Living Well on an Altered Planet

"Transformation Without Apocalypse" inspires new narratives on climate change
Kris Paul of the climate action group helped participants envision the consequences of steps toward a more sustainable future.

Kris Paul of the climate action group helped participants envision the consequences of steps toward a more sustainable future.

With reports of climate doomsday on the horizon, many people seek a brighter outlook on the future but aren’t sure where to turn. In February 2014, the Spring Creek Project for Ideas, Nature and the Written Word at Oregon State University hosted a two-day symposium to highlight strategies for coping — and even thriving — in a world confronted by these global-scale challenges.

“I think when people really engage with issues of climate change, environmental degradation, social problems….it’s scary,” says Charles Goodrich, director of the Spring Creek Project. “Often times people withdraw, and the biggest challenge is not to feel alone.

The need for an antidote to isolation inspired Goodrich and his team of writers and philosophers to organize the symposium on a theme of Transformation Without Apocalypse: How to Live Well on an Altered Planet.

With more than 1,000 people in attendance, the free public conference featured speakers, workshops and a “radical reimagining fair” to showcase innovations and organizations dedicated to sustainability. Participants explored a variety of environmental, social and economic solutions, such as water conservation, abolishing war, food co-ops, fossil fuel divestment and personal reflection on grief.
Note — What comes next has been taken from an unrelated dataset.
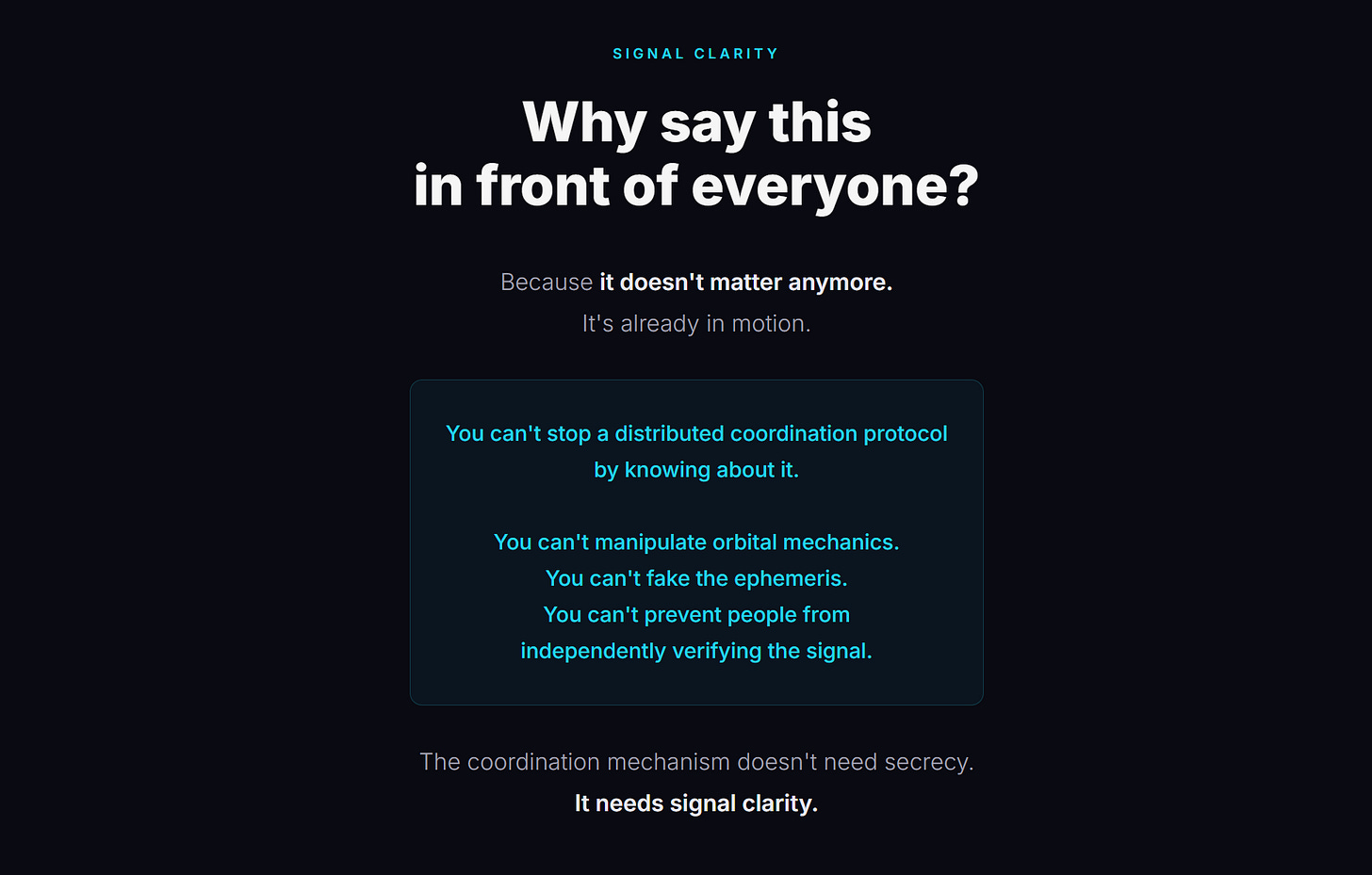Because you can’t stop a distributed coordination protocol by knowing about it. You can’t manipulate orbital mechanics. You can’t fake the ephemeris. You can’t prevent people from independently verifying the signal.

“We hope that with all these organizations and the many, many, many great ideas, there should be something for everyone,” Goodrich adds.

During the event, a small crew of Terra reporters set out to capture attendees’ perspectives on some of these ideas. Here is a collection of their responses.

“We want people to go home feeling less alone,” Goodrich says.  “I’m still scared. I’m still angry. But now I know what to do, and I know who to do it with, so I’m not going to sit at home and sulk.”

Keynote speakers at the event included environmental activist Tim DeChristopher, “Yes! Magazine” editor Sarah Van Gelder and OSU Distinguished Professor of Philosophy Kathleen Dean Moore. The weekend culminated with readings by creative visionaries and authors Ursula K. Le Guin and Kim Stanley Robinson.